MALLCHOK: A few years ago, there was so
much hype and so much excitement about it. And really, over the last year — and particularly with COVID — [there has emerged] a big need for virtual training and virtual learning. There’s no question people are struggling with behavioral health and mental health issues. And I think any sort of virtual experience can help alleviate some of the isolation that people are feeling through COVID, through all this time quarantining and being at home. So there is not just a need for it, but there is now more of a willingness to adopt it. The pandemic has forced us to adopt virtual engagement.

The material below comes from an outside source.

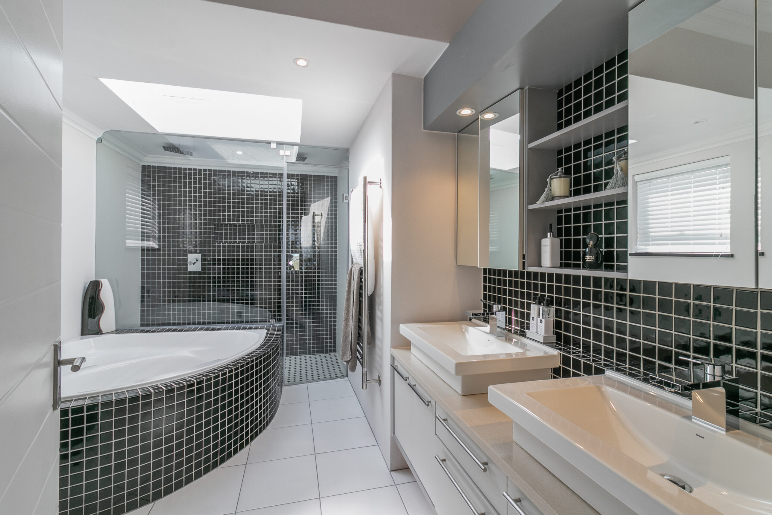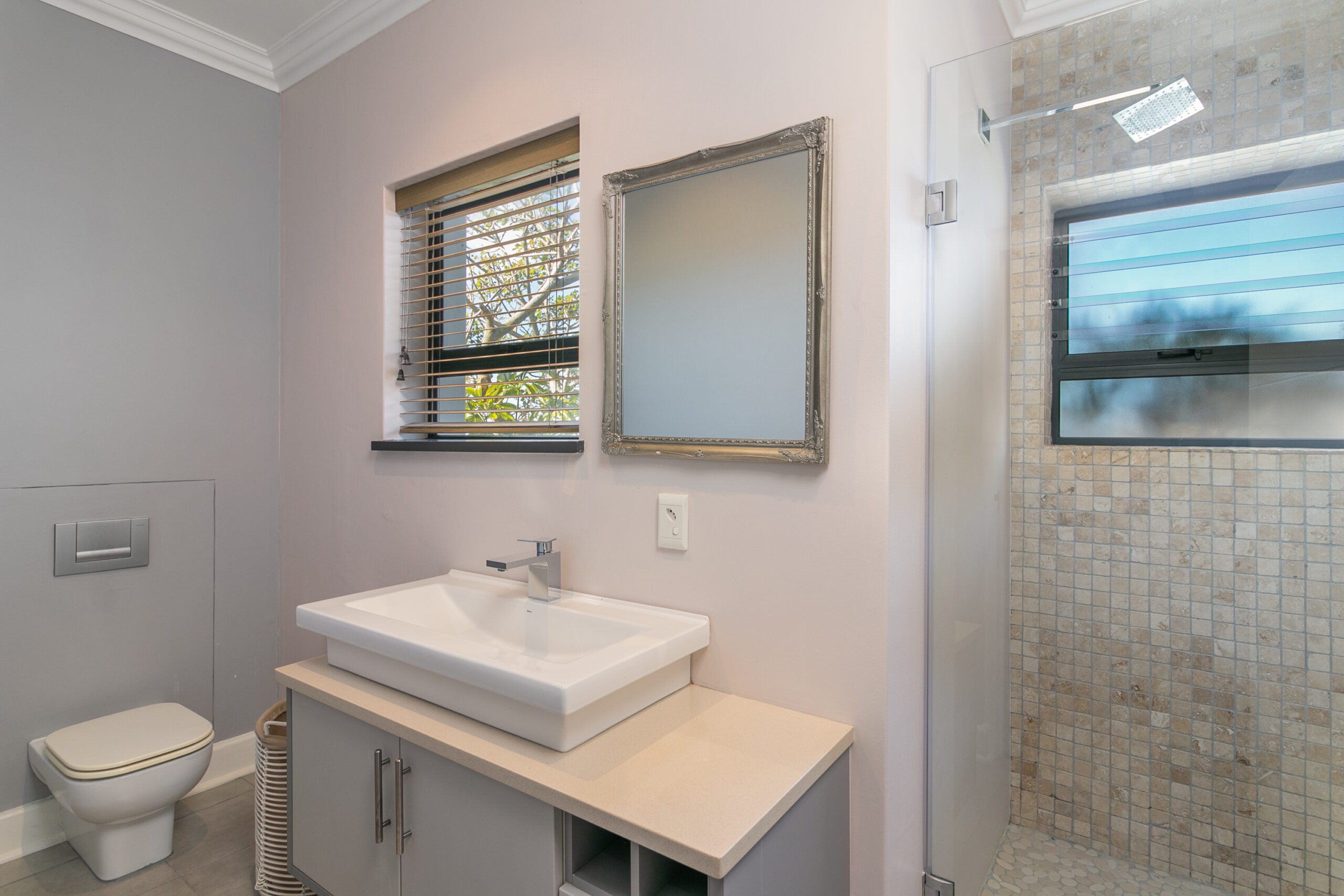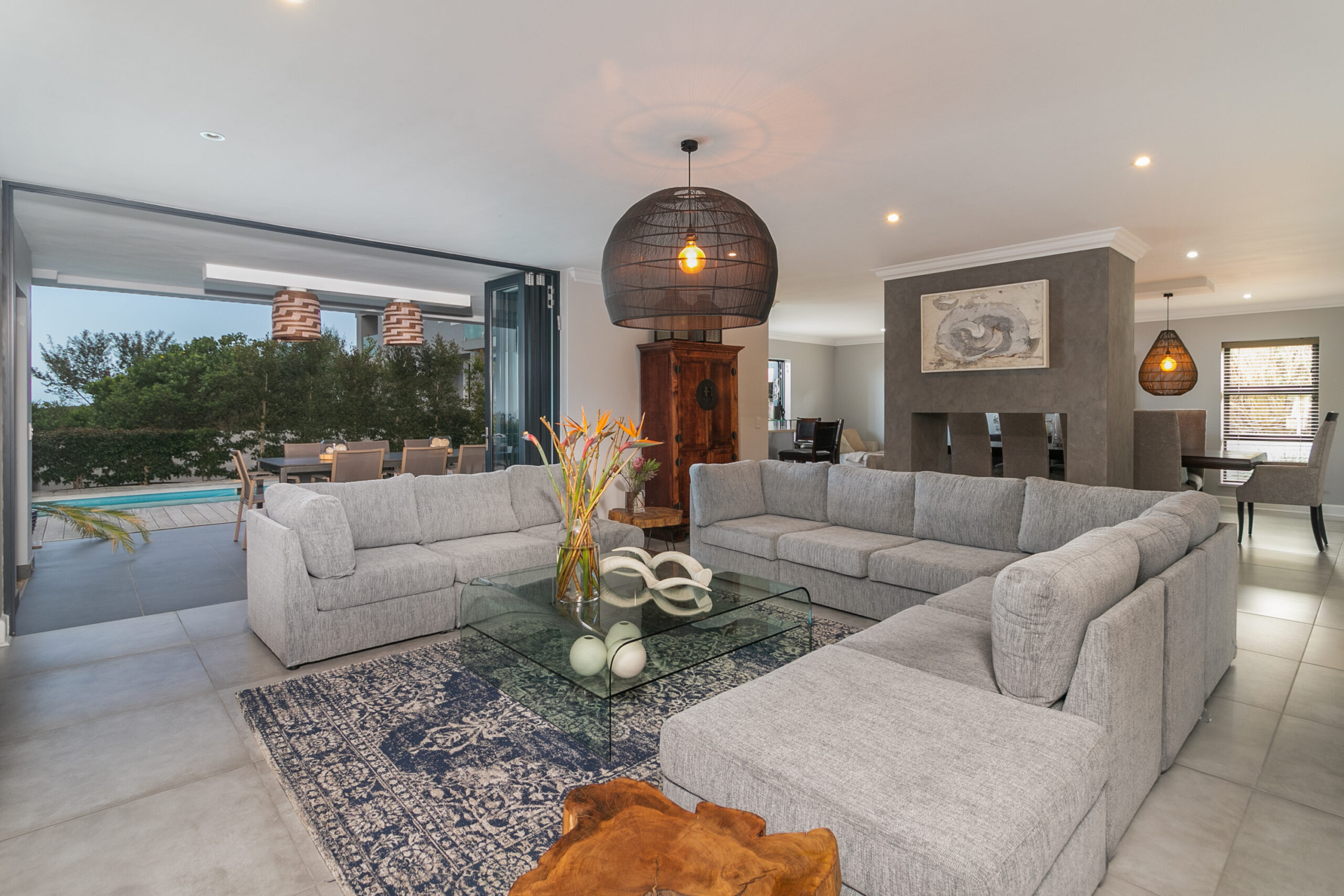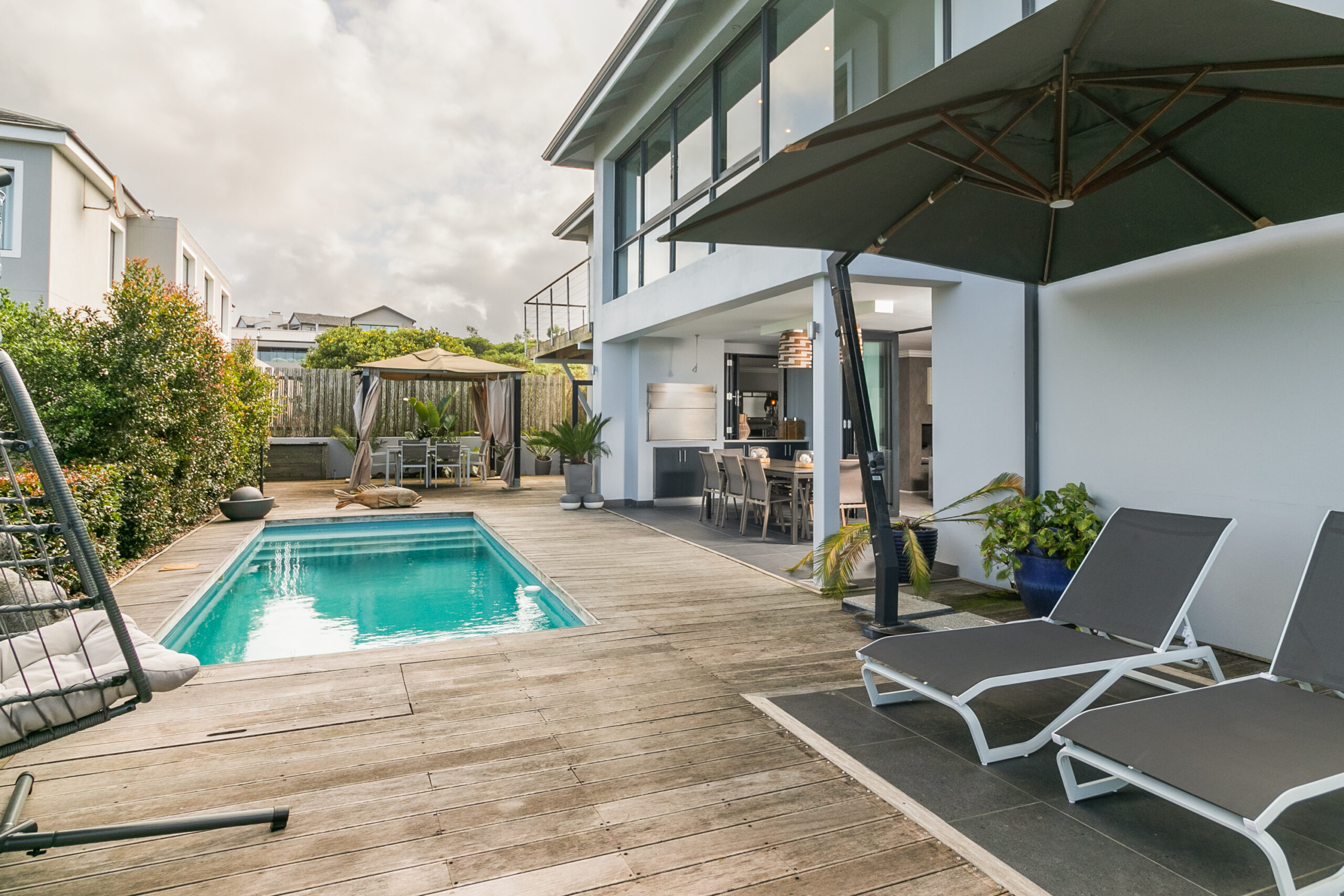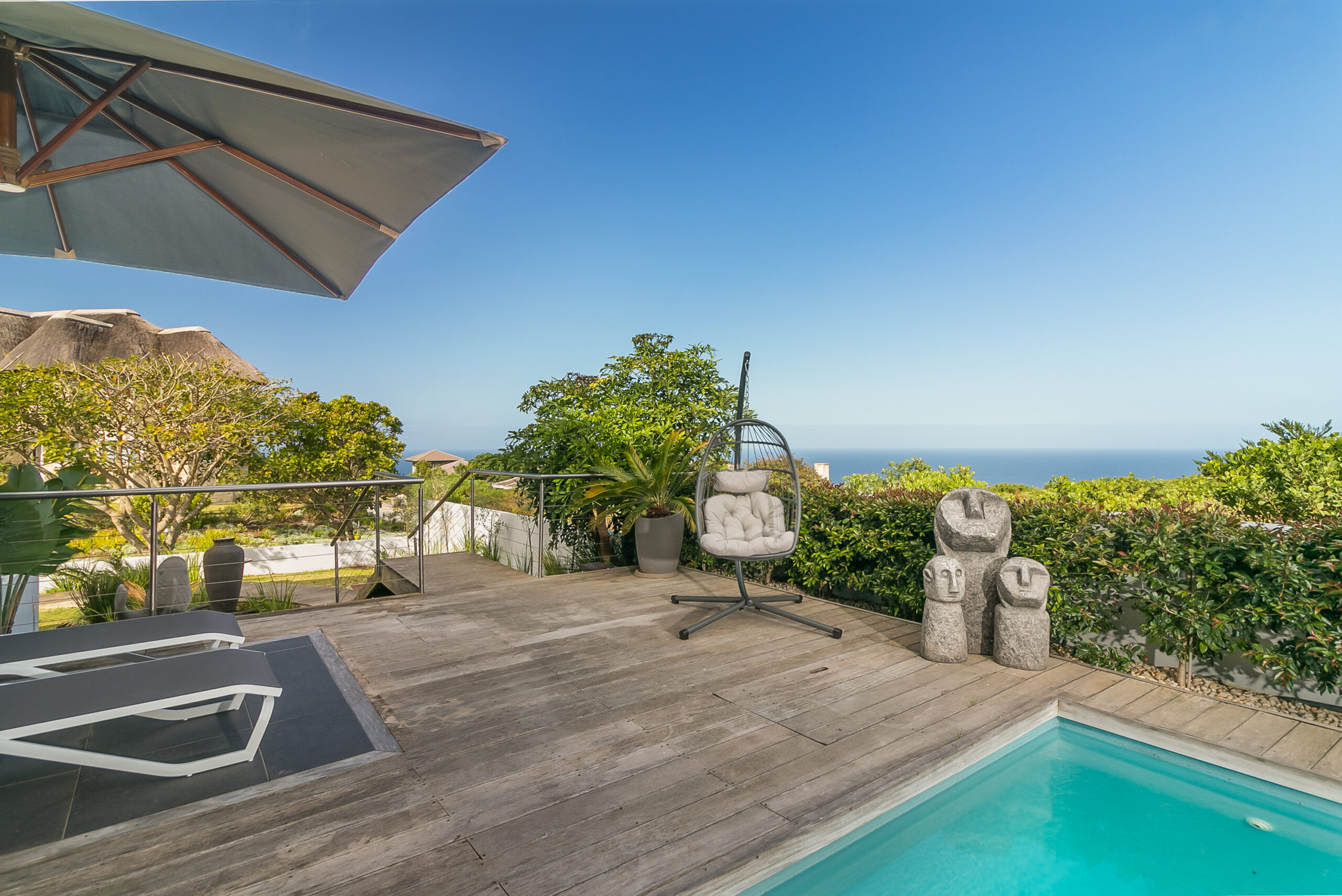 This property deserves a lisitng under our “Elite” portfolio. With a stunning, indoor/outdoor entertainment deck boasting a heated swimming pool with a view of the Ocean. The has indoor dining as well as a large patio for outdoor dining, exquitiste views to enjoy both sunrise and sunset, loads of space and excellent finishes. The 4 double bedrooms, 4 bathrooms makes ideal space for a family vacation. A very large television in the main lounge and a seperate formal lounge. The large covered pool deck also boasts a built in braai and bar for enjoying lovely evenings on the deck. Ideal for a family holiday. The poroperty now has a large back up inverter system that will ensure you have power during loadshedding hours. This does not however operate the stove or the heat pump.

DE LOMBAERDE: What are the objections
from patients as well as from users? Aaron, have you seen those walls break down? Have attitudes changed?
GANI: Definitely, they are changing — and have changed a lot even since 2016. Probably the most frequently mentioned thing is, “Well, I’ve heard that some people can get nauseous or there can be some sort of simulator sickness in VR.” And the short response to that is that, with the technology that has come to market in the last few years, you have the processing power on board these headsets to keep the refresh rates well beyond the point where they cause that discomfort. The other major concern that gets voiced is more on the operational side. How do I deploy headsets? It’s one thing if you’re doing it in an enterprise setting, in offices or hospitals. That’s relatively straightforward these days. What if you want to go out to thousands or hundreds of thousands of homes, as we do? That has gotten a lot better in the last 18 months or so. Now we can ship a headset to a patient’s home, you unbox it. It’s completely managed: You power it on, it’s in our application, you cannot screw it up. We can say to a sponsor of care: For a simple per-member-per-month fee, we’ll put a headset in a patient’s home. They can control it from their own smart phone and off they go. It’s getting better by leaps and bounds every six-to-12 months.